# Car allowance vs company car



## BIG (18 Nov 2018)

Hi,
Lucky enough to get a job with a company car option (as long as I don’t get fired..)
Have option of car allowance of 16k gross or Audi A6 (fuel, servicing, insurance covered).
Don’t do much business mileage (1K), claimable at 25c/mile and about 10k personal mileage.
Seems to me allowance is the obvious choice.
BIK would be 7.5k  tax per year.
Allowance  be 8k  net per year.
Any thoughts on best option?


----------



## Gordon Gekko (18 Nov 2018)

The allowance I would say


----------



## thos (19 Nov 2018)

Have you got a car already? Is it fit for purpose? Is it paid or finance due?


----------



## BIG (19 Nov 2018)

Have a decent car (2014) already with no finance due which costs me around 7k per year (3.5k dep, 2k fuel, 1.5 k tax/ins/service).
So for 7.5k I get a newer car  so not much between them.
Expense Mileage is small as it’s only minimal (1k euros per year) which makes the allowance  maybe 8.5k (after fuel)


----------



## Purple (21 Nov 2018)

Take the allowance.


----------



## Frank (24 Nov 2018)

cost of your own car

New car 
depreciation 5000
Fuel to do lets say 6 liters per 100 k  11k (1.45 * 6 * 11k/100) near as 1000
Fuel prices only going one way despite recent drops in oil prices.
servicing 1 per year lets say 350 
Tyre's 2 per year 250
Tax 280
Insurance 600
tolls for me in Dublin m50 twice a day lets say another 1000

All in looking at 8500 ish per year so need to earn 17k a year to cover that 

The allowance and the company car look pretty close.
Hopefully this makes some sense.
Probably missing something 

I drive a company van for work and any time there is a problem the peace of mind of not having to worry about the costs is worth it IMHO

I would be tempted by the Company car.


----------



## Gordon Gekko (25 Nov 2018)

Why would you be tempted by the company car?

The OP has two choices:

- A €7,500 tax bill for the privilege of driving an Audi A6

- €8,000 a year into his/her hand to arrange his/her own car

The trick is not to buy a new car; then you can actually make money on the second option.


----------



## thos (26 Nov 2018)

Frank said:


> any time there is a problem the peace of mind of not having to worry about the costs is worth it IMHO



From GG's above sums, you can put a price of €500 for this peace of mind.

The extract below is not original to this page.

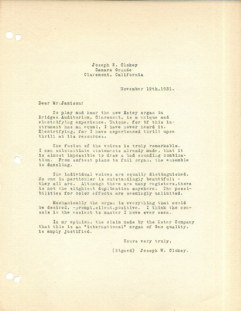 organist, and James B. Jamison of the Estey company drew

If going the second-hand route, this means finding suitable car, visiting dealers, getting a deal, arranging finance (if needed). Taking a certain amount of risk on a second-hand car in terms of it's history and level of servicing done / maintenance required.
That figure helps look after any unexpected servicing issues (balanced against above, in terms of level of warranty / guarantee available), or general increase in running costs over time.

I've gone car allowance in the past when available to me, but on those 2 occasions I already had a nice car which was fit for purpose, and secondly I was unsure of staying with the job long term, and in my role a company car wasn't always a given if I were to move.

I think motoring at present is a little uncertain, lots of talk of increased carbon taxes which will mean increased costs for the motorist, a tide turning against diesels but people not fully convinced by EV's yet. I'll through Brexit into the mix for second-hand car values, as this has caused issues in the market before.

I would be very tempted by company car for that peace of mind - if the car on offer was suitable, and the job had long term prospects.


----------



## Gordon Gekko (27 Nov 2018)

The point is that it should be possible to keep your total motoring costs below €8,000 a year, thus making money on the overall arrangement.


----------



## stantheman (22 Jan 2019)

With Zero BIK for the next 3 years, I think the company car becomes a more interesting choice versus car allowance if an electric car is an option & your mileage is low.


----------